In this paper I have provided the linguistic evidence which shows that the Indoaryans retain faithful memory of the original Proto-Indo-European sounds and roots and derivatives. The Iranians on the other hand lost all this. In fact the name Haraxvaiti is a straight transliteration of Sarasvatī showing that the Iranians moved away from Saptasindhu (the Avestan haptahǝndu in their Scriptures which is another transliteration of the Sanskrit) and took with them the memory of the Land of Seven Rivers as well as that of the mighty river on the bank of which they had lived.

The Indoaryans are therefore indigenous on this account.

It is up to the archaeologists and geologists now to reinforce with fresh evidence (or cast doubt on) the linguistic finds.
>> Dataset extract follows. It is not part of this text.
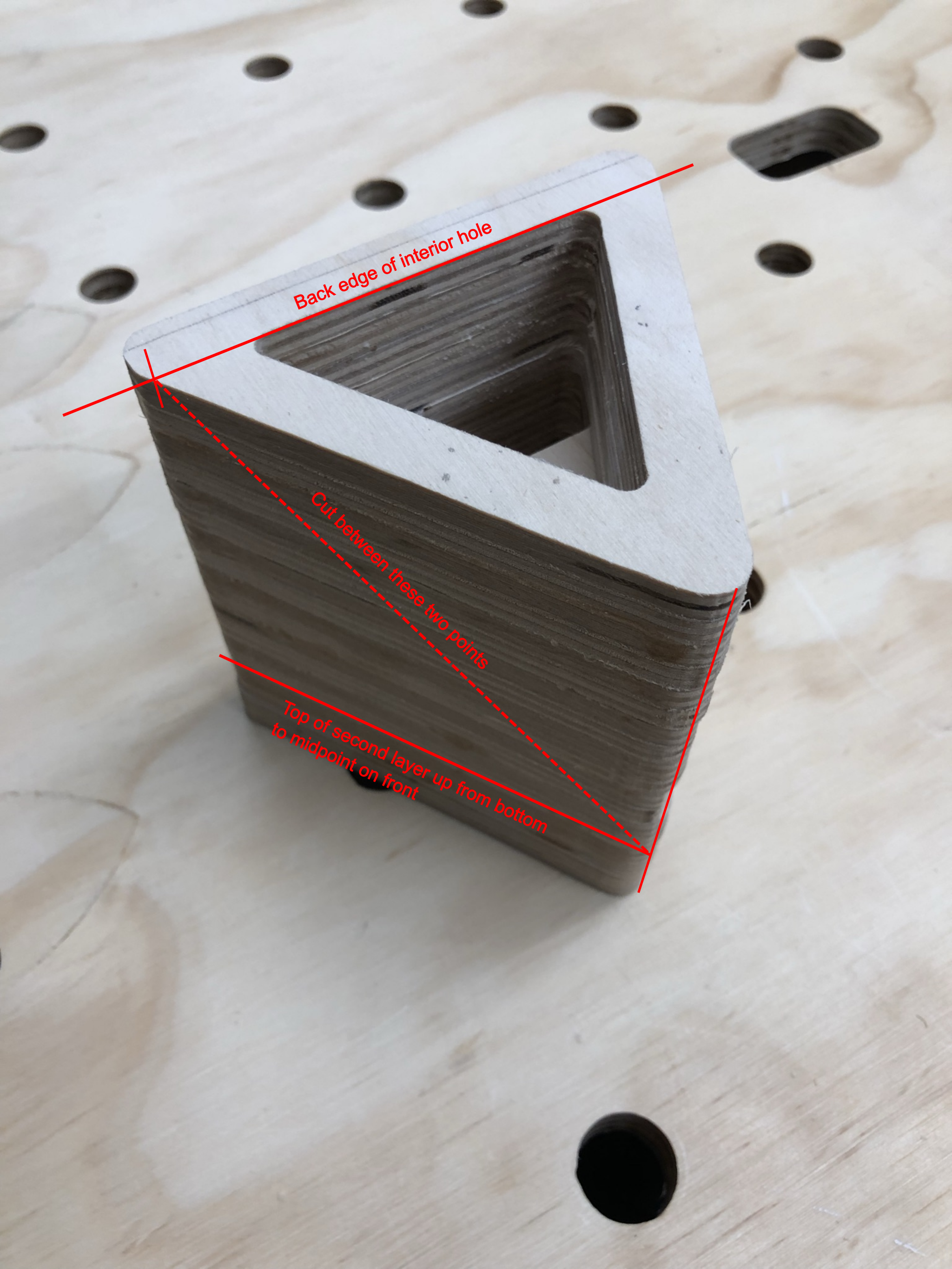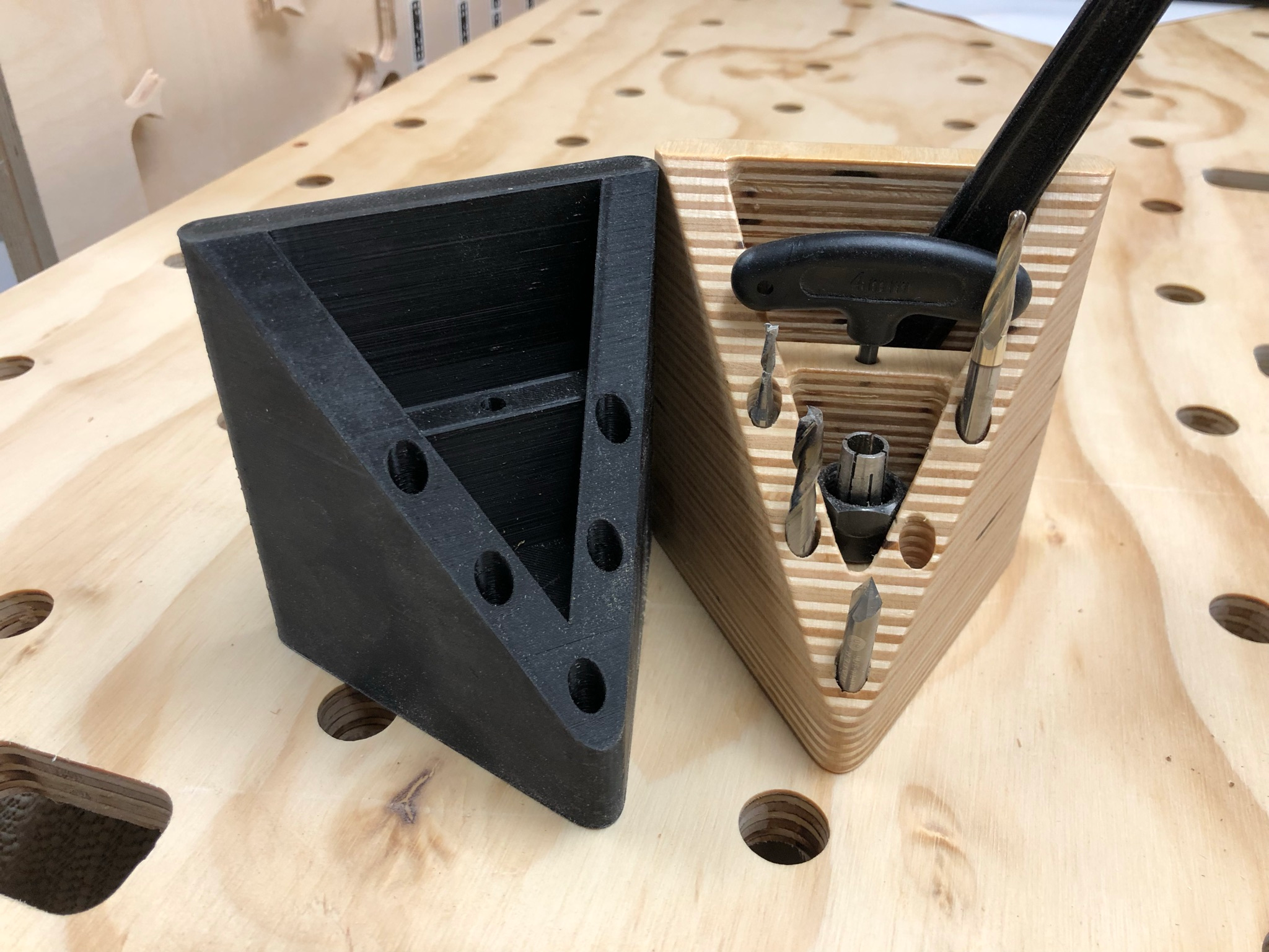 1. Lay out a tape field on a large sheet of plywood. Determine roughly where the pieces will be cut out of and secure that area to a spoil board with double stick tape. Import and place the template. 2. Start with the 1/8" bit and helix cut the small holes for the hex key with a 0 offset 3. Switch to the 1/4" bit and helix the holes for the bits with a 0 offset 4. Cut the interior holes and exteriors of the parts with a .02" offset and 1/4" depth 5. Label the parts with a pencil; the parts are numbered with guides in the file with 1 being the top layer (skip labeling this one unless you want to sand it off) to 9 for the bottom 6. Continue cutting the interior holes all the way through the material and make a final pass with 0 offset 7. Cut the exteriors all the way around with the .02" offset and down to 3/8" 8. Make the final through-cut with a tab left on the back side of each piece; this is indicated with guides on layer #1, but you need to do this on all of the pieces to keep them secured. I tried using plenty of double stick tape but couldn't get it to stick well enough to hold the pieces. 9. Make a final finish pass with 0 offset while preserving the tabs holding the pieces in 10. Free the pieces with a saw or other means 11. Clean up the tabs at the router table with a flush cut bit 12. Sand the pieces to remove extra fuzz that will interfere with gluing and sand the interior holes since they are less accessible after assembly 13. Glue up with a sparing use of CA glue and clamp (it doesn't take much to hold the parts together and I didn't want any squeeze out into the holes) 14. Sand the exterior smooth with a belt sander 15. Cut the angled top on the bandsaw (or tablesaw, possibly). You're looking to cut a line connecting the front of the second layer up to the back edge of the interior hole. See pictures. This angle is approx. 42 degrees and I cut it upside down using my bandsaw with the fence set to the distance for the top edge 16. Do additional sanding and apply a few coats of shellac Settings for 3D printing (based on the "Standard Quality" Cura profile but some tweaks to increase strength): - Material: PLA - Layer height: .2mm - Wall width: .4mm - Wall count: 5 - Top and bottom layer count: 6 - Fill gaps between walls: Everywhere - Z Seam Alignment: Random - Infill: 10% - Infill pattern: lines No supports or extra adhesion needed. It took about 15 hours to print.

The Sarasvatī is only one key. There are others, as I have shown, but they belong to a different context and discussion.

Bibliography

 Allchin B&R: 1997 Origins of a Civilisation N Delhi, Viking Penguin.

Kazanas N :  2009  Indo-Aryan Origins… N. Delhi, Aditya Prakashan.

2015  Vedic and Indo-European Studies N Delhi, Aditya Prakashan.

Possehl G : 1998  “Did the Sarasvati ever flow to the sea?” in G. Phillips et al (eds) Arabia and its neighbours (in honour of B. de Cardi), Turnhout, Bepels (335-354).

2003  The Indus Civilization Roman & Littlefield (non NBN); Delhi, Vistaar.

Rao S.R.:  1991  Dawn & Devolution of the Indus Civilisation, Delhi, Aditya Prakashan.

Sharma JR et al :  2006 ‘Course of Vedic river Saraswati…’ in Puratattva vol 36 (187-195).